[The Treasure of Heaven by Marie Corelli]@TWC D-Link bookThe Treasure of Heaven CHAPTER V 2/30
These bye-roads, of which there are so many along the Somersetshire coast, are often very lonely,--they are dangerous to traffic, as no two ordinary sized vehicles can pass each other conveniently within so narrow a compass,--and in summer especially they are haunted by gypsies, "pea-pickers," and ill-favoured men and women of the "tramp" species, slouching along across country from Bristol to Minehead, and so over Countisbury Hill into Devon.
One such questionable-looking individual there was, who,--in a golden afternoon of July, when the sun was beginning to decline towards the west,--paused in his slow march through the dust, which even in the greenest of hill and woodland ways is bound to accumulate thickly after a fortnight's lack of rain,--and with a sigh of fatigue, sat down at the foot of a tree to rest.
He was an old man, with a thin weary face which was rendered more gaunt and haggard-looking by a ragged grey moustache and ugly stubble beard of some ten days' growth, and his attire suggested that he might possibly be a labourer dismissed from farm work for the heinous crime of old age, and therefore "on the tramp" looking out for a job.

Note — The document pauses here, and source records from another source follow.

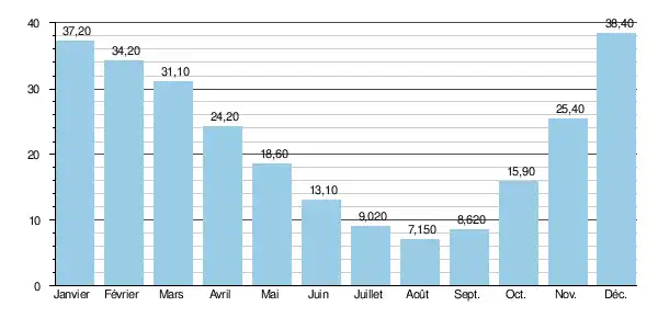 Le débit instantané maximal enregistré a été de 286 m3/s le , tandis que la valeur journalière maximale était de 240 m3/s le . En comparant ces valeurs avec l'échelle des QIX de la rivière, il ressort que les crues de étaient d'ordre cinquantennal, et donc assez exceptionnelles.
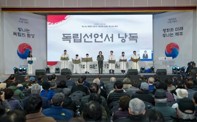 À̳¯ ±â³ä½Ä¿¡¼´Â ±¹¾Ç¿¬Èñ´Ü Çϳª¾ÆÆ®ÀÇ ½ÄÀü ÃàÇϰø¿¬ÀÎ ¡®ºû³ª´Â µ¶¸³ÀÇ ÇÔ¼º¡¯ ´ëºÏ °ø¿¬À» ½ÃÀÛÀ¸·Î Á¦ÁÖ À¯ÀÏÀÇ »ýÁ¸ ¾Ö±¹Áö»çÀÎ °Å¼± Áö»çÀÇ ÀÎÅÍºä ¿µ»ó »ó¿µ°ú °Å¼± Áö»çÀÇ ¾ÆµéÀÎ °´ë¼º ¾¾°¡ °Å¼± Áö»çÀÇ ¾÷ÀûÀ» ¼Ò°³Çß´Ù.ÀÌ¾î¼ µµ¹Î Âü¿©ÀÚ¿Í µ¶¸³À¯°øÀÚ ÈļյéÀÇ ¸±·¹ÀÌ µ¶¸³¼±¾ð¹® ³¶µ¶, 3¡¤1Àý ±â³ä¿µ»ó »ó¿µ, À¯°øÀÚ Ç¥Ã¢(¿ÂÆò¸® ÇØ³àȸ), ±â³ä»ç, Á¦ÁÖµµ¸³ÇÕâ´ÜÀÇ ±â³ä°ø¿¬, 3¡¤1Àý ³ë·¡ Á¦Ã¢, ¸¸¼¼»ïâ ¼øÀ¸·Î ÁøÇàµÆ´Ù.
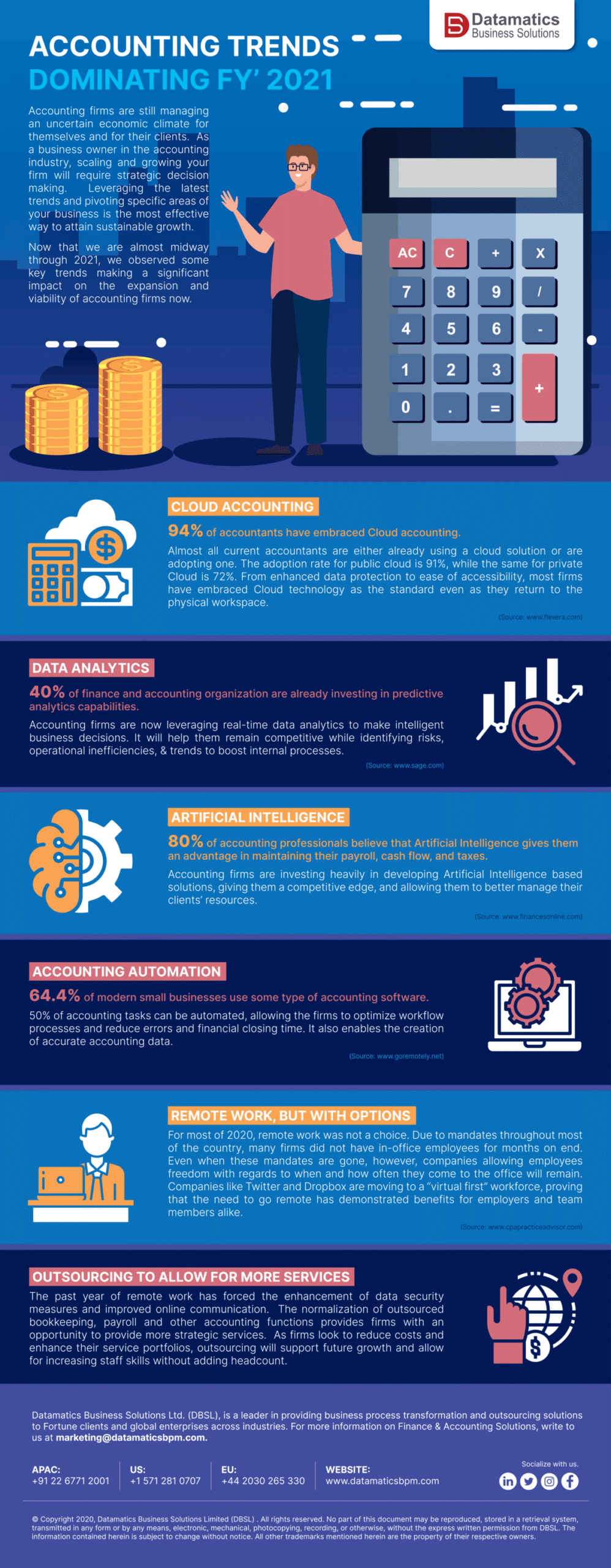 As the FY’ 2021 unfolds, we are seeing the emergence of a plethora of new accounting trends. In our latest infographic, we look at some of those trends, which will help the businesses get ready for the future and dominate the finance & accounting space for the long term.

He wore a soft slouched felt hat, very much out of shape and weather-stained,--and when he had been seated for a few minutes in a kind of apathy of lassitude, he lifted the hat off, passing his hand through his abundant rough white hair in a slow tired way, as though by this movement he sought to soothe some teasing pain. "I think," he murmured, addressing himself to a tiny brown bird which had alighted on a branch of briar-rose hard by, and was looking at him with bold and lively inquisitiveness,--"I think I have managed the whole thing very well! I have left no clue anywhere.
My portmanteau will tell no tales, locked up in the cloak-room at Bristol.